Tactical Military Arms

The Leatherwood ART M1000 Automatic Ranging and Trajectory Scope, Part 3

Here's what the Leatherwood ART M1000 scope reticle looks like with the center ranging bracket on an 18-inch high target. By zooming in to fit the paper in the bracket, the scope automatically adjusts for the range, which happened to be 400 meters.

Here’s what the Leatherwood ART M1000 scope reticle looks like with the center ranging bracket on an 18-inch high target. By zooming in to fit the paper in the bracket, the scope automatically adjusts for the range, which happened to be 400 meters.

Editor’s Note: In Part I of this series we looked at the history and concept of the Leatherwood Hi-Lux M1000 ART Scope. In Part II, we’ll discuss setting up and sighting in this unique optic. And in Part III we’ll head out to the big range to see how well it ranges and compensates for shots out to 550 meters.

Having discussed the history and set-up of the Leatherwood ART M1000 Automatic Ranging and Trajectory scope in Part 1 and Part 2 of this review, I took the optic out to a local 600-yard range to see if it really works.

As a review, the scope was mounted atop an Armalite AR-10 National Match, and the ammunition was Hornady’s 168 gr. Match Grade TAP in .308.

5-shot group at 400 meters using the Leatherwood ART M1000 scope. No math calculations, or clicks of the turret were needed. This was the first group shot at this range using the scope in auto ranging mode.

5-shot group at 400 meters using the Leatherwood ART M1000 scope. No math calculations, or clicks of the turret were needed. This was the first group shot at this range using the scope in auto ranging mode.

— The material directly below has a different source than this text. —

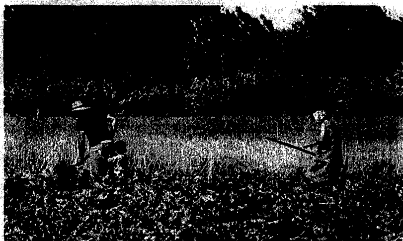
La cooperazione ravennate si sta impegnando in vari settori produttivi, dal tradizionale comparto agricolo al più innovativo, porto compreso.

One thing to note about this scope is that everything is delineated in meters, not yards. I first established that the rifle was hitting dead center at a 250 meter zero, with the power ring down on 2.5. Even though I had followed the suggestions in the instructions to start with a 100-meter zero by using the top bracket subtend in the reticle, my shots were actually about 6 inches high at 250. No matter, with a quick adjustment, that was corrected and the target moved back.

Now, one of the advantages of the Leatherwood ART scope — why the optic was so effective for Army snipers fighting in Vietnam — is the fact that you don’t have to know the range.

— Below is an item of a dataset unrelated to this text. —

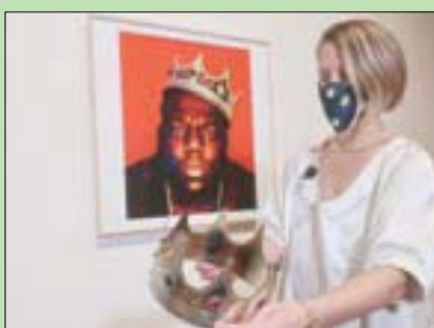
دار «سوديز» تعرض تاجاً بلاستيكيًا لـ«بيغي» في نيويورك

ليما - لندن، «الشرق الأوسط» إقامة طقوس متوارثة للتنبؤ بمن سيفوز بالانتخابات الرئاسية في الولايات المتحدة، استخدم عراقون في بيرو البخور والزهور وصوراً للرئيس الأميركي دونالد ترامب وخصمه الديمقراطي جو بايدن... إلا أنهم اختلفوا على الفائز. وكانوا قد ارتدوا ملابس متعددة الألوان وأنشدوا الأهازيج ونفخوا آلة موسيقية تقليدية وتوجهوا بالدعاء إلى (باتشاماما)، أي الأرض الأم كي تسير الانتخابات الأميركية في أجواء سلمية دون هجمات أو سحر أسود بين الخصمين، حسب «رويترز».

You only need to bracket a target of known dimensions (say an 18-inch chest of a deer) by zooming in or out with the power ring. And then you shoot.

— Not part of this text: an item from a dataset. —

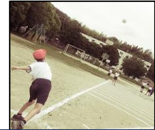
ソフトボール投げの様子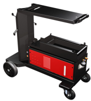
Trolley A3 TP 203 AC/DC (1) Trolley A3 W TP 203 AC/DC (2) Chariot A3 TP 203 AC/DC (1) Chariot A3 W TP 203 AC/DC (2) REF. PA109525 (1) REF. PA109524 (2)

That being said, I wanted to test the scope’s cam and thus placed my target at 400 meters. I then zoomed in until my 18-inch white target fit in half of the reticle bracket (see photo).  Again, because this was a test, I then peeked at the power ring to verify. Sure enough, 4 power … and 400 meters — right on the money.

I took a five shot string and assessed the target — a nice dead center group. Certainly accurate enough to have resulted in a dead elk or mule deer.